I'm writing a cookie authentication library that replicates that of an existing system. I'm able to create authentication tokens that work. However testing with a token with known value, created by the existing system, I encountered the following puzzle.
The original encoded string purports to be base64url encoded. And, in fact, using any of several base64url code modules and online tools, the decoded value is the expected result.
However base64url encoding the decoded value (again using any of several tools) doesn't reproduce the original string. Both encoded strings decode to the expected results, so apparently both representations are valid.
How? What's the difference?
How can I replicate the original encoded results?
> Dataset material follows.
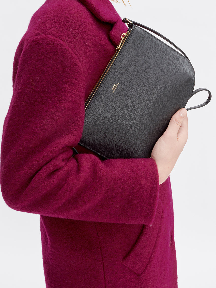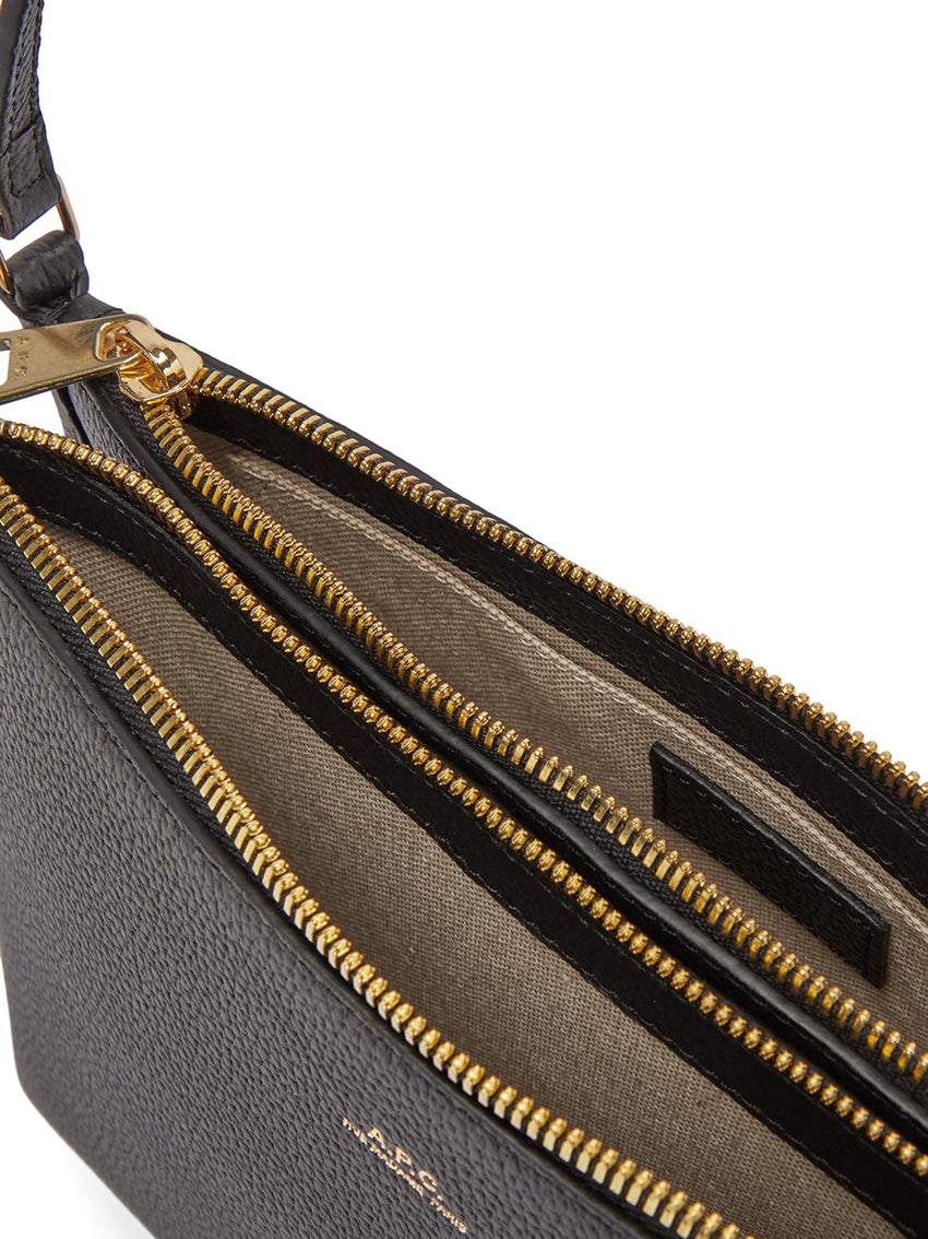 The A.P.C. Sarah Shoulder Bag in Black is made of grained leather Closes with zipper Length-adjustable shoulder strap Two main compartments inside A slot for smartphone etc. Label print on the front 25 x 18 x 5 cm (H x W x D) Shoulder strap: from 106 to 117 cm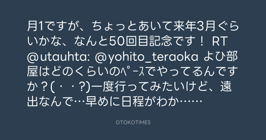 月1ですが、ちょっとあいて来年3月ぐらいかな、なんと50回目記念です! RT @utauht... -

original encoded string: YWRtaW46NTVGRDZDRUE6vtRbQoEXD9O6R4MYd8ro2o6Rzrc
my base64url decode: admin:55FD6CEA:[encrypted hash]
Encoding doesn't match original but the decoded strings match.
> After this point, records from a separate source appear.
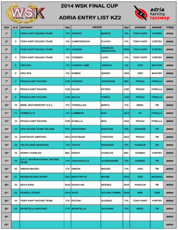 2014 WSK FINAL CUP ADRIA ENTRY LIST KZ2 KZ2 N.G. ENTRANT Naz DRIVER Naz CHASSIS ENGINE TYRES 1° 1 TONY KART RACING TEAM ITA ARDIGO' MARCO ITA TONY KART VORTEX BRIDG 2° 2 TONY KART RACING TEAM ITA CAMPONESCHI FLAVIO ITA TONY KART VORTEX BRIDG 3° 3 TONY KART RACING TEAM ITA HANSEN ANDREAS SEBASTIAN DNK TONY KART VORTEX BRIDG 4° 4 TONY KART RACING TEAM ITA CORBERI LUCA ITA TONY KART VORTEX BRIDG 5° 5 CRG SPA ITA LENNOX LAMB JORDON UK CRG MAXTER BRIDG 6° 6 CRG SPA ITA GOMEZ SIDNEY VEN CRG MAXTER BRIDG 7° 7 PRAGA KART RACING CZE THONON JONATHAN BEL PRAGA PARILLA BRIDG 8° 8 PRAGA KART RACING CZE HAJEK PATRIK CZE PRAGA PARILLA BRIDG 9° 9 PRAGA KART RACING CZE SALVA TOMAS CZE PRAGA PARILLA BRIDG 10° 10 BIREL MOTORSPORT S.R.L. ITA TORSELLINI MIRKO ITA BIREL TM BRIDG 11° 11 FORMULA K ITA LAMMERS BAS NLD FK PARILLA BRIDG 12° 12 PRAGA KART RACING CZE DI BELLA MAX USA PRAGA PARILLA BRIDG 13° 14 DTK RACING TEAM POLAND POL IDZKOWSKI BARTOSZ POL ZANARDI TM BRIDG 14° 15 KARTSHOP AMPFING DEU KOSTBADE TORSTEN DEU PRAGA TM BRIDG 15° 16 TOLFO DINO SERAFINO ITA TOLFO EDOARDO ITA PAROLIN TM BRIDG 16° 18 KENNY CHARLES BEL KENNY CHARLES BEL KOSMIC VORTEX BRIDG 17° 19 G.P.Z. INTERNATIONAL RACING TEAM ITA TAGLIACOLLO ALESSANDRO ITA KOSMIC TM BRIDG 18° 20 SIMONI MAURO ITA SIMONI MAURO ITA CRG TM BRIDG 19° 21 MAXIM RACING SPORT DEU MARTYNYUK MAXIM RUS CRG MODENA BRIDG 20° 22 NEVA RING RUS ISAAKYAN NERSES RUS PAROLIN TM BRIDG 21° 23 PENZES JOZSEF HUN NAGY ISTVANL ARMIN HUN MBA SGM BRIDG 22° 24 TONY KART RACING TEAM ITA PICCINI ALESSIO ITA TONY KART VORTEX BRIDG 23° 25 SPORTELLA ANTONIO ITA SPORTELLA GIOVANNI ITA BIREL TM BRIDG 24° BRIDG 25° BRIDG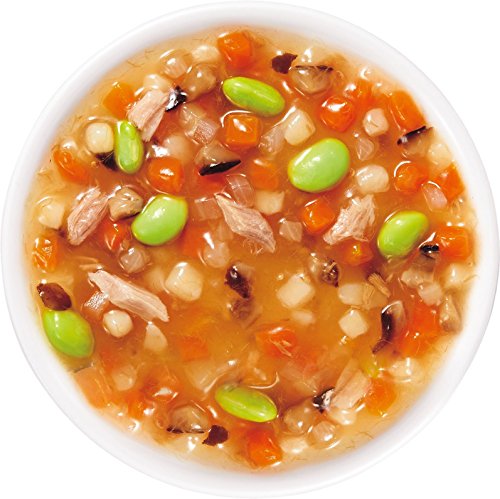 - 原材料:野菜(えだまめ、たまねぎ、にんじん、しいたけ、じゃがいも)、まぐろ水煮、しょうゆ、砂糖、チキンエキス、ごま油、食塩、増粘剤(加工でん粉)、(原材料の一部に小麦を含む)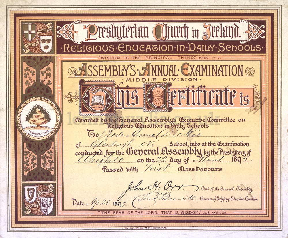 5) Assembly's Annual Examination, Middle Division. This Certificate is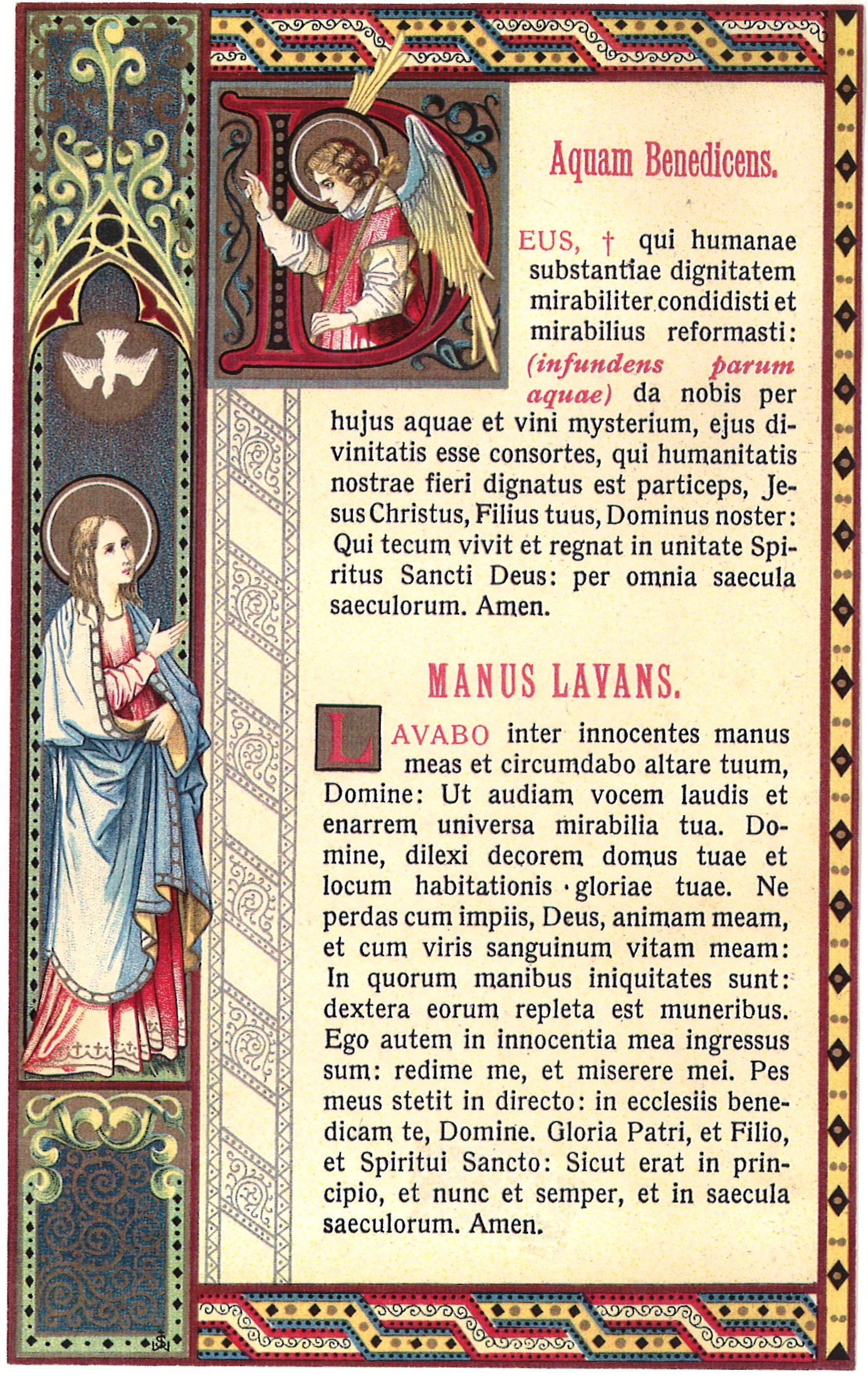 如果說日課是陽光,彌撒就是太陽,是教會最重要的禮儀。在彌撒前,人們可以通過誦讀聖詠,來為參與聖祭善做準備。在彌撒中,教會也用聖詠來表達不同禮儀部分中恰當的情感。在彌撒結束後,人們也以聖詠表達對天主的感恩。這篇網誌收錄了由中國作家若望·吳經熊(John Ching Hsiung Wu, 1899~1986)以中華古詩詞形式翻譯的,在彌撒常用經文中及彌撒前後所用的聖詠,來供大家鑑賞。

my base64url encode: YWRtaW46NTVGRDZDRUE677-977-9W0Lvv70XD9O6R--_vRh377-977-92o7vv73Otw
my base64url decode: admin:55FD6CEA:[encrypted hash]
(Sorry, SSE won't let me show the unicode representation of the hash. I assure you, they do match.)
This string:
YWRtaW46NTVGRDZDRUE6vtRbQoEXD9O6R4MYd8ro2o6Rzrc
is not exactly valid Base64. Valid Base64 consists in a sequence of characters among uppercase letters, lowercase letters, digits, '/' and '+'; it must also have a length which is a multiple of 4; 1 or 2 final '=' signs may appear as padding so that the length is indeed a multiple of 4. This string contains only Base64-valid characters, but only 47 of them, and 47 is not a multiple of 4. With an extra '=' sign at the end, this becomes valid Base64.
That string:
YWRtaW46NTVGRDZDRUE677-977-9W0Lvv70XD9O6R--_vRh377-977-92o7vv73Otw
is not valid Base64. It contains several '-' and one '_' sign, neither of which should appear in a Base64 string. If some tool is decoding that string into the "same" result as the previous string, then the tool is not implementing Base64 at all, but something else (and weird).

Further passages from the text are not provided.